The Complexity of Proper Equilibrium in Extensive-Form and Polytope Games

The proper equilibrium, introduced by Myerson (1978), is a classic refinement of the Nash equilibrium that has been referred to as the “mother of all refinements.” For normal-form games, computing a proper equilibrium is known to be PPAD-complete for two-player games and FIXP$_a$-complete for games with at least three players. However, the complexity beyond normal-form games – in particular, for extensive-form games (EFGs) – was a long-standing open problem first highlighted by Miltersen and Sørensen (SODA ‘08). In this paper, we resolve this problem by establishing PPAD- and FIXP$_a$-membership (and hence completeness) of normal-form proper equilibria in two-player and multi-player EFGs respectively. Our main ingredient is a technique for computing a perturbed (proper) best response that can be computed efficiently in EFGs. This is despite the fact that, as we show, computing a best response using the classic perturbation of Kohlberg and Mertens based on the permutahedron is #P-hard even in Bayesian games. In stark contrast, we show that computing a proper equilibrium in polytope games is NP-hard. This marks the first natural class in which the complexity of computing equilibrium refinements does not collapse to that of Nash equilibria, and the first problem in which equilibrium computation in polytope games is strictly harder – unless there is a collapse in the complexity hierarchy – relative to extensive-form games.

💡 Research Summary

The paper investigates the computational complexity of Myerson’s proper equilibrium—a refinement of Nash equilibrium—in two classes of games that go beyond the normal‑form representation: extensive‑form games (EFGs) and polytope games. Proper equilibrium, introduced in 1978, imposes a “tremble” axiom that players are less likely to make costly mistakes, and it has long been regarded as the “mother of all refinements.” While the complexity of computing proper equilibria in normal‑form games is well‑understood (PPAD‑complete for two‑player games and FIXPₐ‑complete for three or more players), the situation for EFGs remained an open problem for more than two decades, first highlighted by Miltersen and Sørensen (SODA ’08).

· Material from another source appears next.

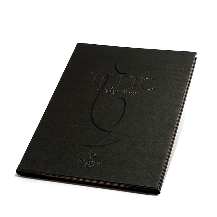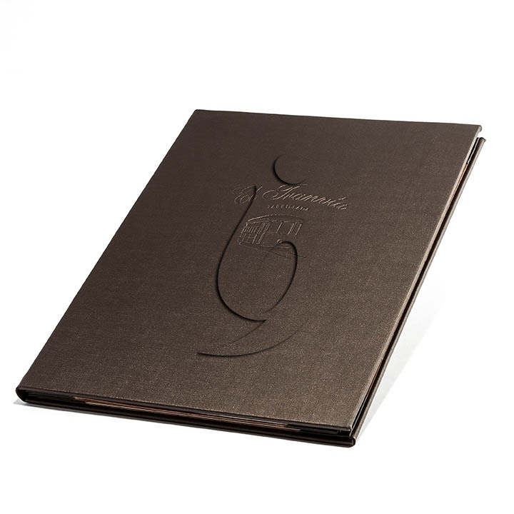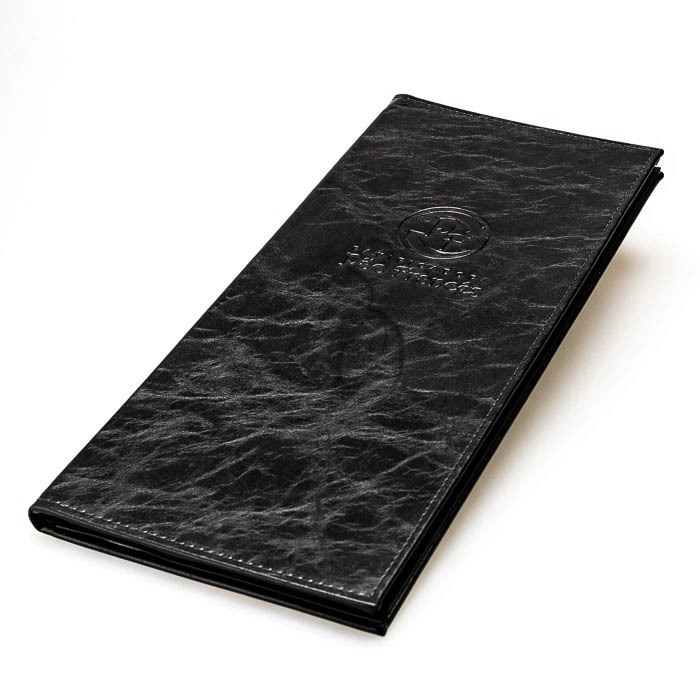 De excelente qualidade e com a mesma sofisticação e elegância dos modelos em couro natural, os cardápios em couro sintético especial também são peças únicas para cada cliente. Recomendado para produção de cardápios clássicos e cartas de vinhos, os modelos em couro sintético especial possuem um diferencial: tornam-se mais duráveis por apresentar acabamento acetinado e permite excelente gravação em baixo relevo. Além disso, esse tipo de cardápio admite personalização em Silk Screen, costuras especiais, acabamento externo e outros detalhes.
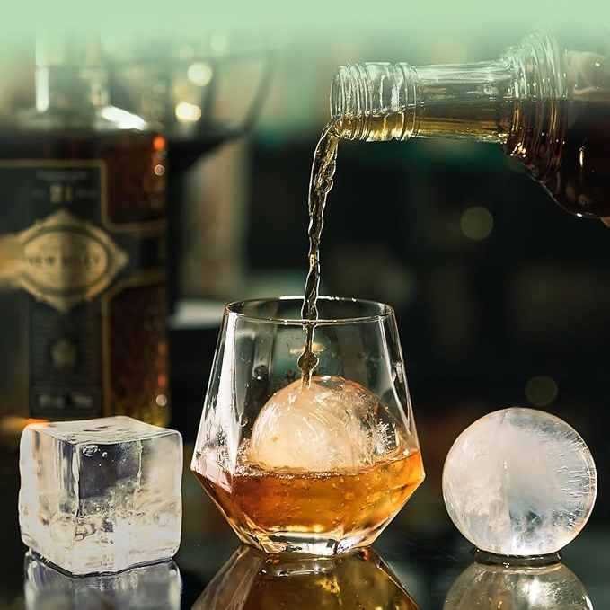 Stampo per Cubetti di Ghiaccio in Silicone 2 in 1, Forma Quadrata e Sferica, Trasparente, Ideale come Regalo per Uomini

The authors first show that the classic perturbation technique of Kohlberg and Mertens, which relies on the permutahedron and requires sorting an exponential number of pure strategies, is infeasible for EFGs. They formalize this barrier by proving that computing a Kohlberg‑Mertens perturbed best response is #P‑hard even in Bayesian games (Theorem 3.2). This result demonstrates that the naïve extension of the normal‑form approach cannot be used in sequential settings.

To overcome this obstacle, the paper introduces a new perturbation method that works directly at the level of coordinates rather than whole strategies. The key insight is illustrated on the d‑dimensional hypercube: by exploiting linear dependencies among vertices, one can construct a full‑support probability distribution whose expectation matches a desired point while satisfying the ε‑proper ordering condition (if utility of vertex s is lower than that of s′, then its probability is at most ε times the probability of s′). Crucially, the algorithm only needs to sort the d coordinate indices, not the 2ᵈ vertices, yielding a polynomial‑time procedure for ε‑proper best responses.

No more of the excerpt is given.